At a high level point of view one can differentiate between online and offline systems. The systems that process the data offline have access to all the recording before they start processing it. These are the most common in the bibliography and they are the main focus of attention of this review. The online systems only have access to the data that has been recorded up to that point. They might allow a latency in output to allow for a certain amount of data to become available for processing, but in any case no information on the complete recording is available. Such systems usually start with one single speaker (whoever starts talking at the beginning of the recording) and iteratively increase the number of speaker as they intervene. The following are some representative systems used for online processing:
In Mori and Nakagawa (2001) a clustering algorithm based on the Vector Quantization (VQ) distortion measure (Nakagawa and Suzuki, 1993) is proposed.
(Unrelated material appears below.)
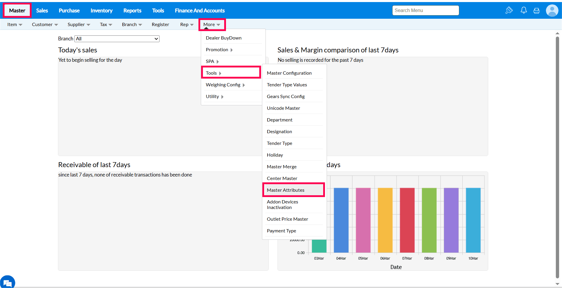 Answer: The Master Attribute feature may not be enabled for your domain. Please contact truepos-support@gofrugal.com to request activation.

It starts processing with one speaker in the code-book and incrementally adds new speakers whose VQ distortion exceeds a threshold in the current code-book.
In Rougui et al. (2006) a GMM based system is proposed, using a modified KL distance between models. Change points are detected as the speech becomes available and data is assigned to either speaker present in the database or a new speaker is created, according to a dynamic threshold. Emphasis is put into fast classification of the speech segments into speakers by using a decision tree structure for speaker models.
All systems presented below are based on offline processing, although some of the techniques presented could potentially be used also in an online implementation. These systems can be classified in two main groups, on one hand the hierarchical clustering techniques reach the optimum diarization by iterative processing of different number of possible clusters obtained by merging or splitting existing clusters. On the other hand, other clustering techniques first estimate the number of clusters and obtain a diarization output without deriving the clusters from bigger/smaller ones.